## Data shown

[Start of Attachment]

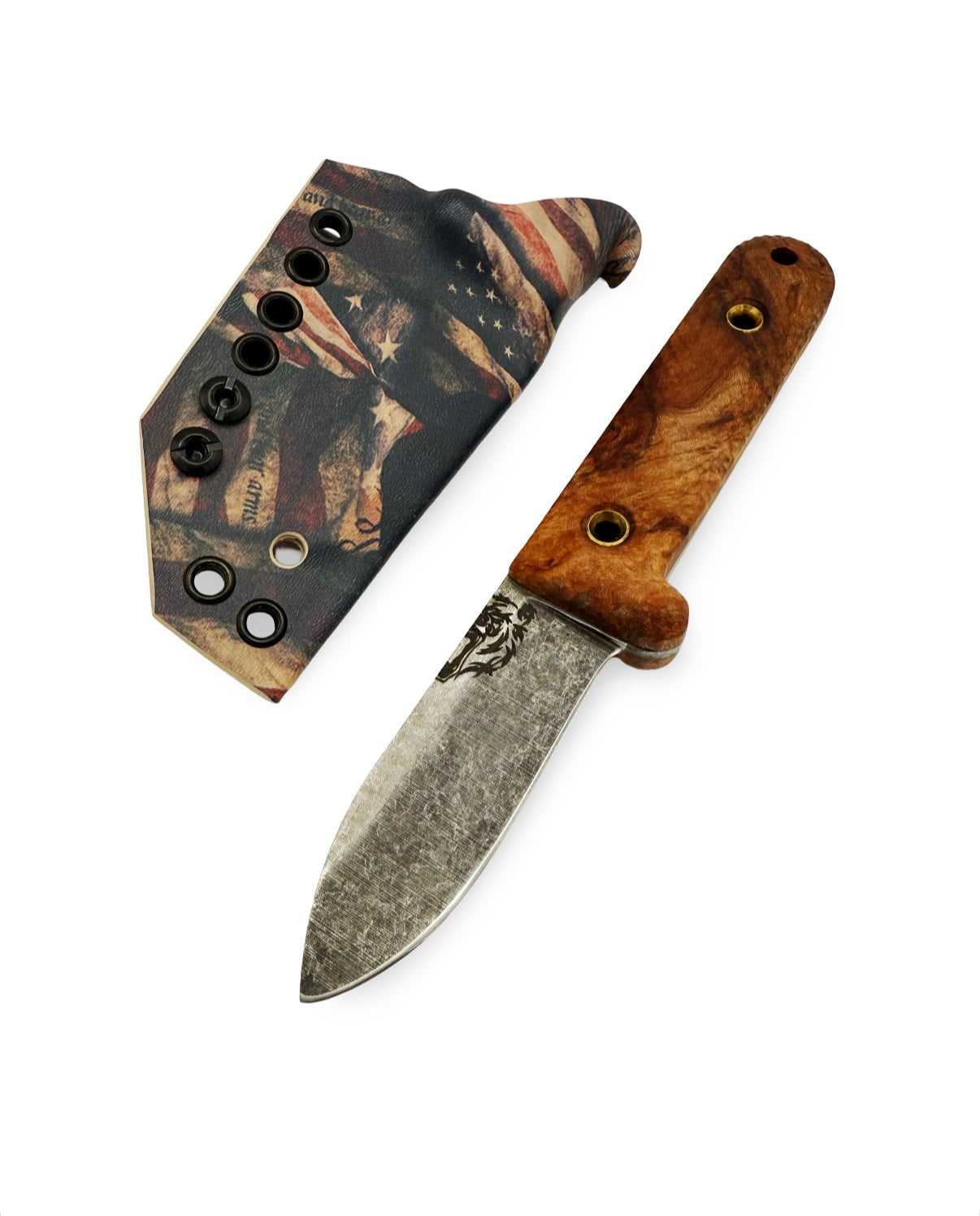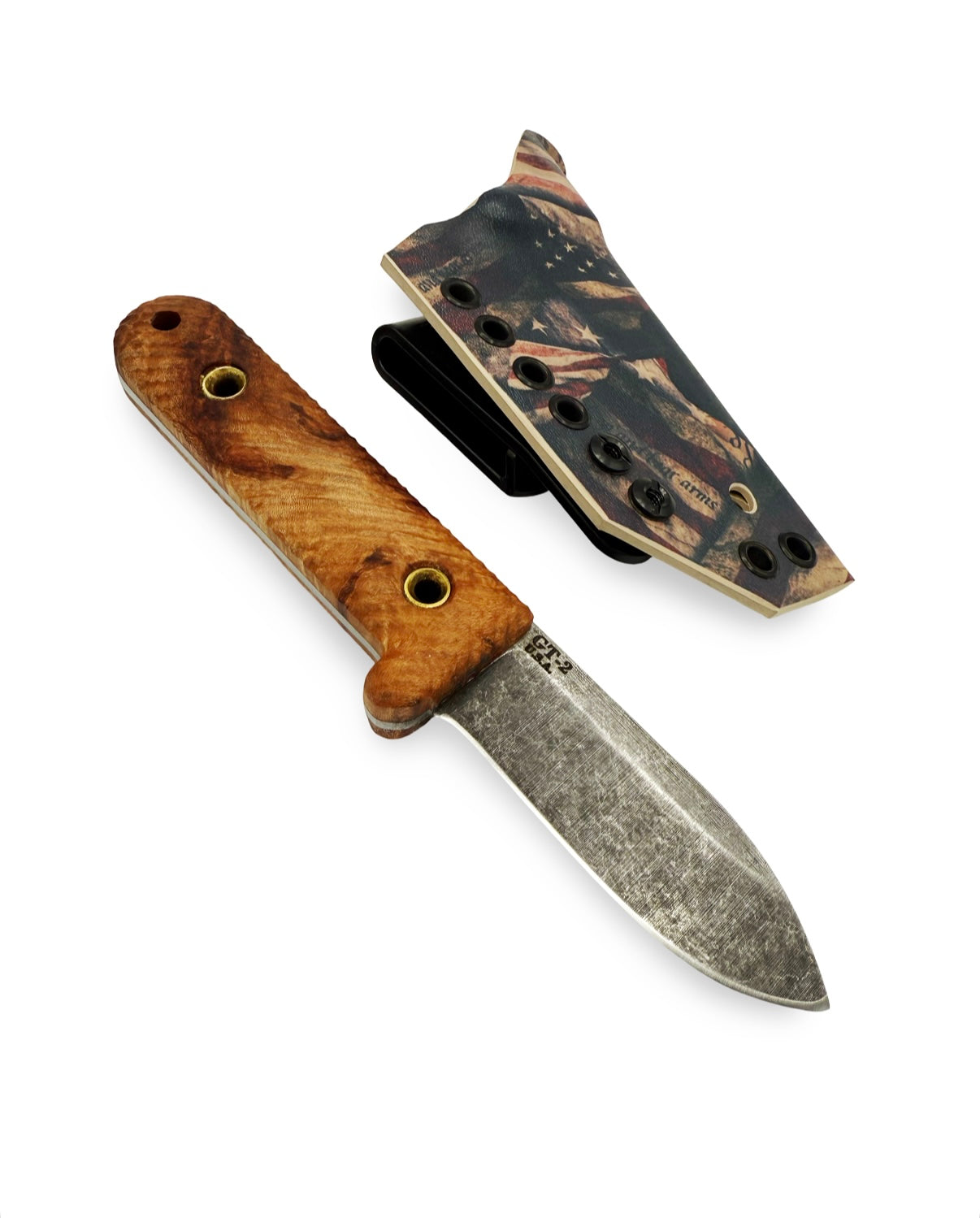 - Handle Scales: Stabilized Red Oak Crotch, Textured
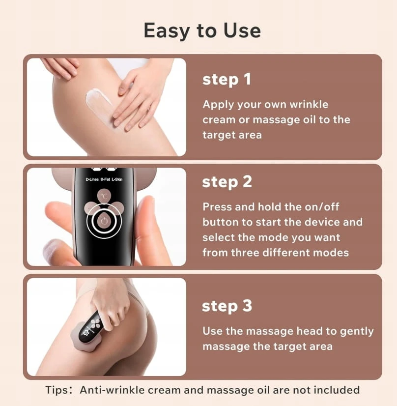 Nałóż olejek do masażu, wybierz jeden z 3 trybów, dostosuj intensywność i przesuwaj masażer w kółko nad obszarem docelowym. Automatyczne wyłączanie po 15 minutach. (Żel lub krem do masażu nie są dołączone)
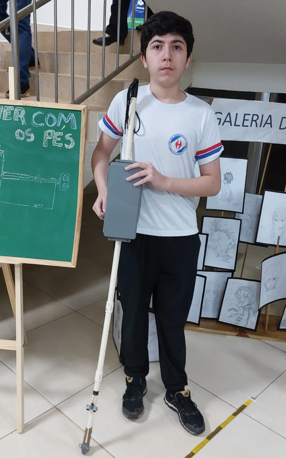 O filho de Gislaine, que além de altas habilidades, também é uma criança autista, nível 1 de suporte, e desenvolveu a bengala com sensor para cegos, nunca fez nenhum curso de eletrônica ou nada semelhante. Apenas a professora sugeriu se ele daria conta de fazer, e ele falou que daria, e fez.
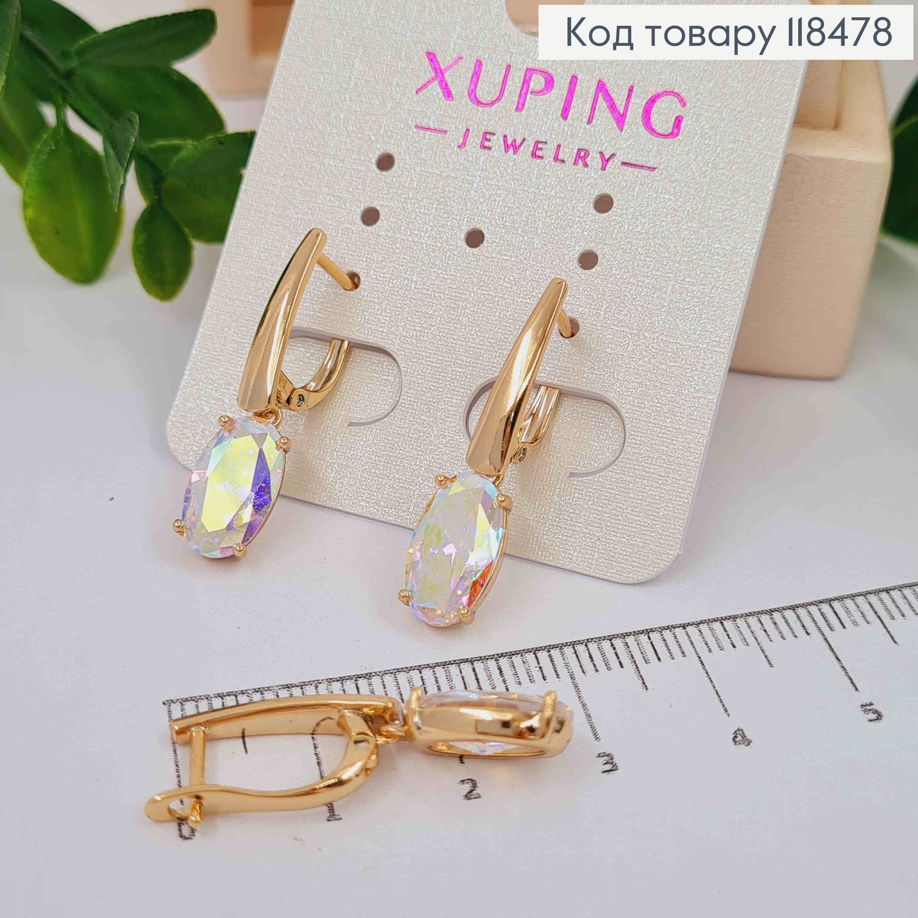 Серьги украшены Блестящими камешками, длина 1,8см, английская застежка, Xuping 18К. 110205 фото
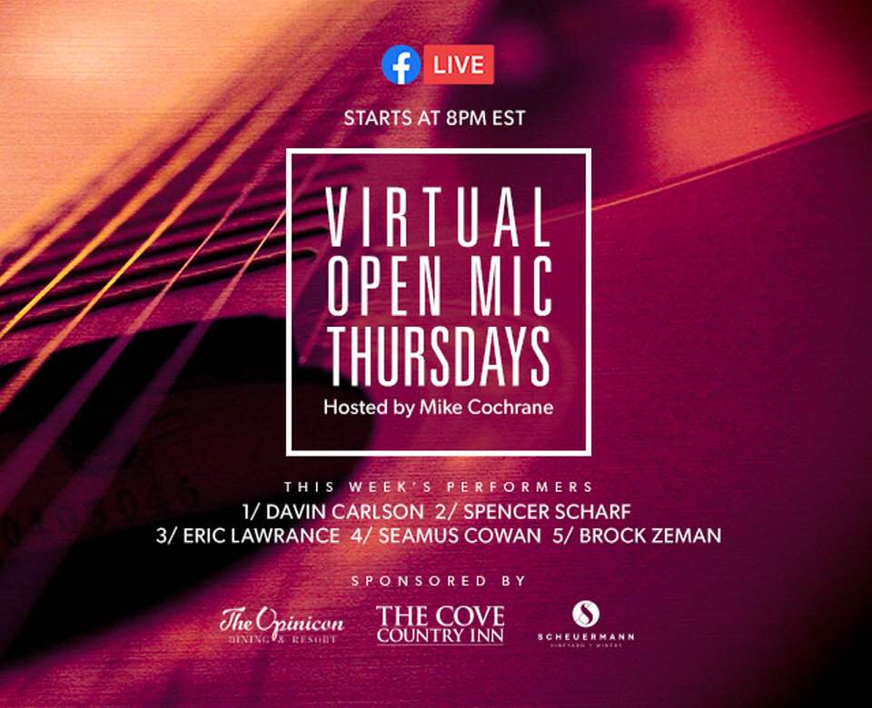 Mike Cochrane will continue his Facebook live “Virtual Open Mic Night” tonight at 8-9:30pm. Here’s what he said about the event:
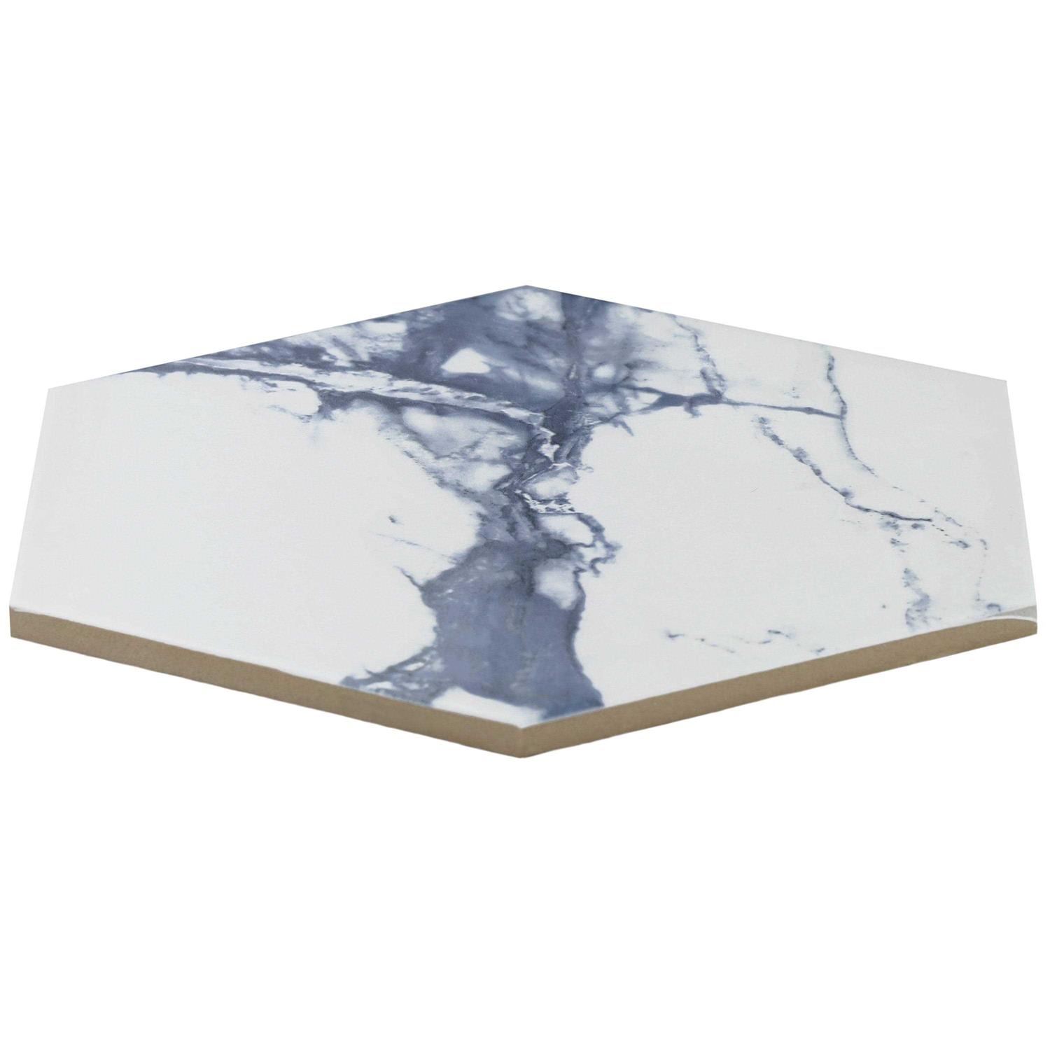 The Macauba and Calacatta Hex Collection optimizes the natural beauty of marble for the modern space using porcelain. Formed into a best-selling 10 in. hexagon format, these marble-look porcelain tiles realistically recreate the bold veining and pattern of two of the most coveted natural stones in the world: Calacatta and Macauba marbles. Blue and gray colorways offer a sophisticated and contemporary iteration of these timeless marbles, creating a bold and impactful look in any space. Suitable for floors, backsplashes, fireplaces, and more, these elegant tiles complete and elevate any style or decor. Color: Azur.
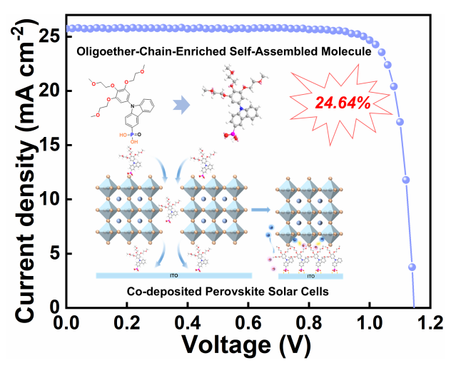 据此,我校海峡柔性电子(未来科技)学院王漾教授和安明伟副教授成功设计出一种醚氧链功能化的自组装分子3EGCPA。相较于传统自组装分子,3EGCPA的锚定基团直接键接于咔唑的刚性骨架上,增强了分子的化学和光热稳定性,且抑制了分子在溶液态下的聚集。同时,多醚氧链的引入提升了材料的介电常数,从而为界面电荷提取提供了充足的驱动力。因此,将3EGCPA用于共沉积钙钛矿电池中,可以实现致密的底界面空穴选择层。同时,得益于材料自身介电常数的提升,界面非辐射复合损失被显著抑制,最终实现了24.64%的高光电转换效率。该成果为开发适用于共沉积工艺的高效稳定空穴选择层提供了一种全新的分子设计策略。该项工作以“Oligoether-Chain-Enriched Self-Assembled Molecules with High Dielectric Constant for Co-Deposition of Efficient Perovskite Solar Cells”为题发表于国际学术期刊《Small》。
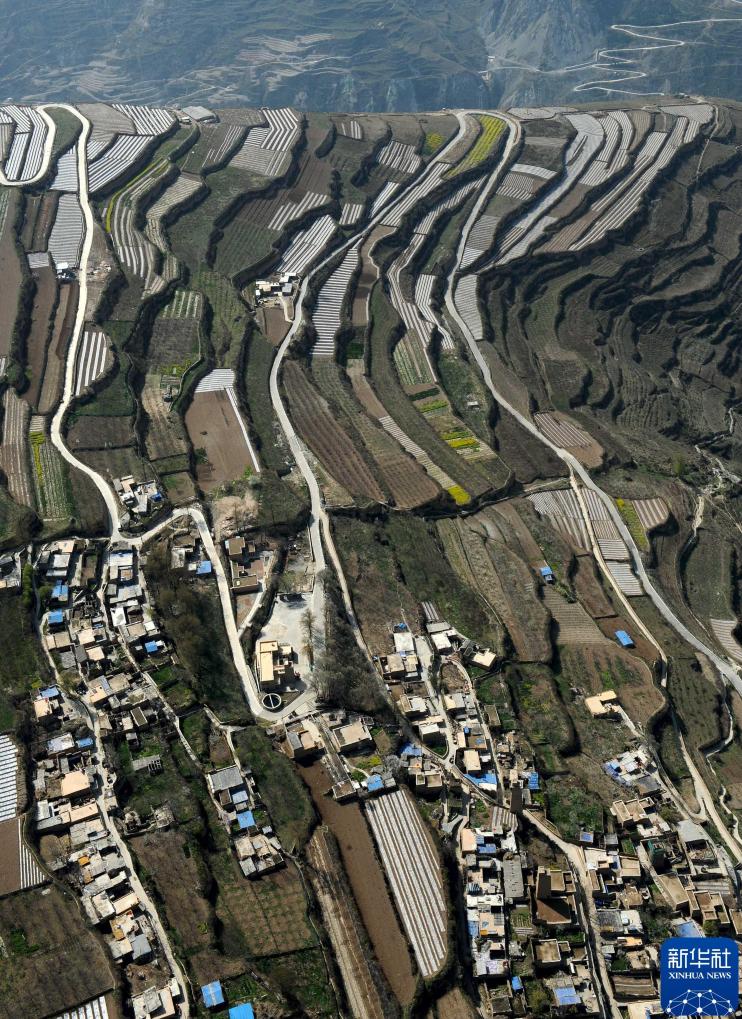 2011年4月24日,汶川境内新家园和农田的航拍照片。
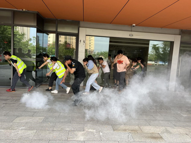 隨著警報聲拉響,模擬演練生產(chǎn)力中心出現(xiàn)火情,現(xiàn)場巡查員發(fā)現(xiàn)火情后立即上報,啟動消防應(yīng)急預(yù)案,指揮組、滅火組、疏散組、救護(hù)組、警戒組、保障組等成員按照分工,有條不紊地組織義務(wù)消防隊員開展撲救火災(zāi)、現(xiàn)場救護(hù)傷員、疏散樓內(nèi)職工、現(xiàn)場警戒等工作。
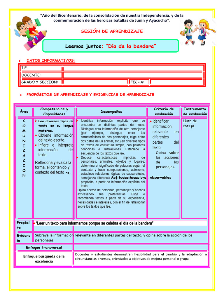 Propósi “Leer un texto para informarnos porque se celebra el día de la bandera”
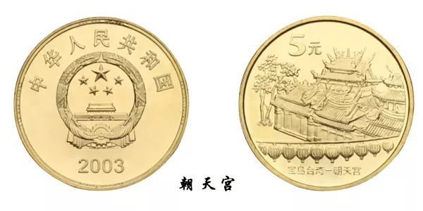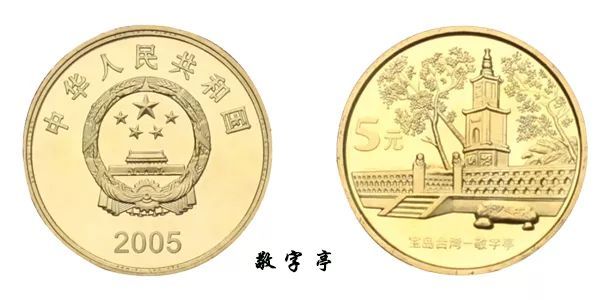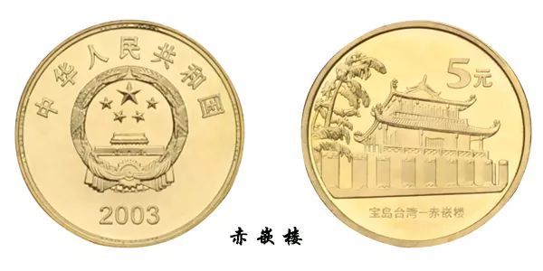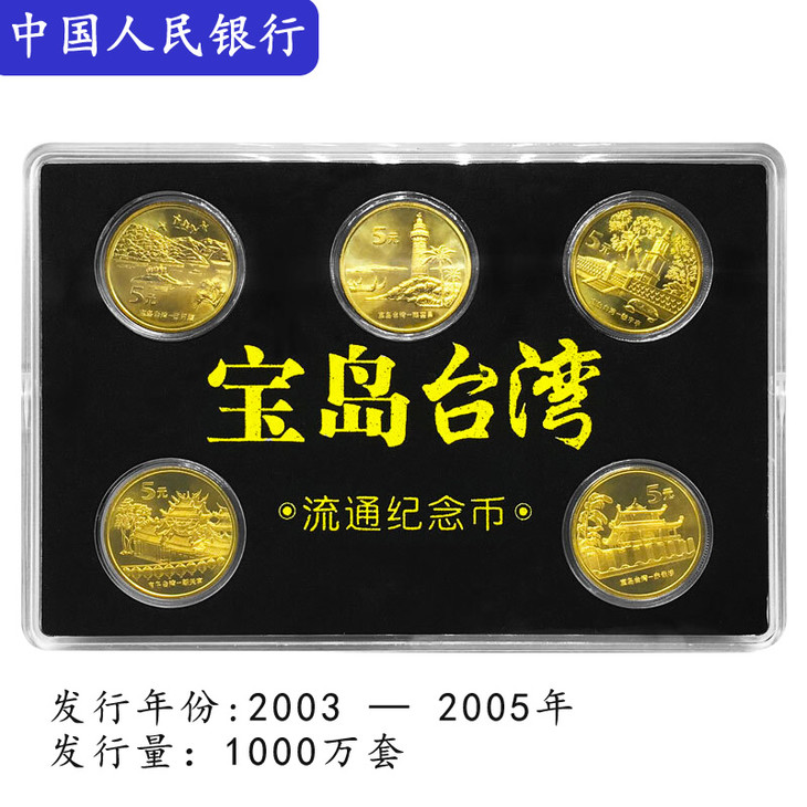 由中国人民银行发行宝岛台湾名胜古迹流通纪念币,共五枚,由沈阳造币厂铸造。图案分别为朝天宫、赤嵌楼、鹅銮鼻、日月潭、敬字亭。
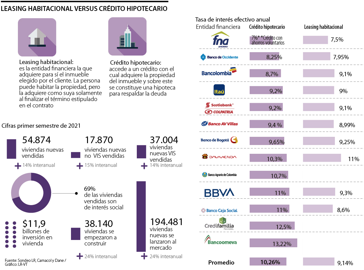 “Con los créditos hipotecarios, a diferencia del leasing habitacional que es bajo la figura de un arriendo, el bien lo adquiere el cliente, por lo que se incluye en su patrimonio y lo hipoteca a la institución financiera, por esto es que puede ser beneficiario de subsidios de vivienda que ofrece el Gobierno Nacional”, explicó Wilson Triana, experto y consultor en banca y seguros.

[End of Attachment]

## Exercise
Each line from the line containing "隨著警報聲拉響,模擬演練生產" through the last line above must be written out exactly, and every picture must be omitted.

## Solution
 隨著警報聲拉響,模擬演練生產(chǎn)力中心出現(xiàn)火情,現(xiàn)場巡查員發(fā)現(xiàn)火情后立即上報,啟動消防應(yīng)急預(yù)案,指揮組、滅火組、疏散組、救護(hù)組、警戒組、保障組等成員按照分工,有條不紊地組織義務(wù)消防隊員開展撲救火災(zāi)、現(xiàn)場救護(hù)傷員、疏散樓內(nèi)職工、現(xiàn)場警戒等工作。
 Propósi “Leer un texto para informarnos porque se celebra el día de la bandera”
 由中国人民银行发行宝岛台湾名胜古迹流通纪念币,共五枚,由沈阳造币厂铸造。图案分别为朝天宫、赤嵌楼、鹅銮鼻、日月潭、敬字亭。
 “Con los créditos hipotecarios, a diferencia del leasing habitacional que es bajo la figura de un arriendo, el bien lo adquiere el cliente, por lo que se incluye en su patrimonio y lo hipoteca a la institución financiera, por esto es que puede ser beneficiario de subsidios de vivienda que ofrece el Gobierno Nacional”, explicó Wilson Triana, experto y consultor en banca y seguros.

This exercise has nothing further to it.